Here’s What the Man Who Interrogated Saddam Hussein Says Now
Ten years after the execution of Saddam Hussein, the former dictator of Iraq, John Nixon, the CIA agent who first interrogated the tyrant immediately after his capture by U.S. forces, has written about the eye-opening experience.
If President Barack Obama was unaware of the agent’s story before he announced his plans for Iraq after winning the 2008 election, he very likely had access to it before implementing that plan. That is a disturbing point to consider after seeing the rise of ISIS and its impact on the American people in the years that have followed.
Nixon wrote, in part:
Saddam had actually believed 9/11 would bring Iraq and America closer because Washington would need his secular government to help fight fundamentalism. How woefully wrong he had been.

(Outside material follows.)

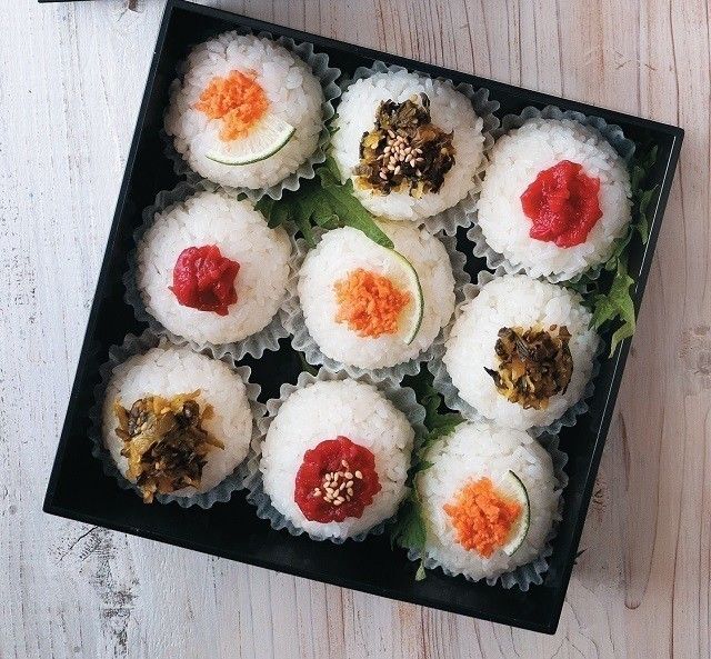 どんなおかずとも相性がいいのは王道のおにぎり。具は中に詰めず、のせて作れば時短になって見た目も華やかです。好きな具や苦手な具が一目瞭然なので好き嫌いのある子もパクパク食べ進みます。

During our talks, we often heard muffled explosions. Saddam inferred things were not going well for the U.S. forces and took pleasure in the fact. “You are going to fail,” he said. “You are going to find that it is not so easy to govern Iraq.” History has proved him right. But back then, I was curious why he felt that way.
“Because you do not know the language, the history and the Arab mind,” he said. ‘It’s hard to know the Iraqi people without knowing its weather and its history. The difference is between night and day and winter and summer. That’s why they say the Iraqis are hard-headed—because of the summer heat.”
He chuckled and added: “Next summer, when it is hot, they might revolt against you. The summer of 1958 got a little hot. In the 1960s, when it was hot, we had a revolution. You might tell that to President Bush!”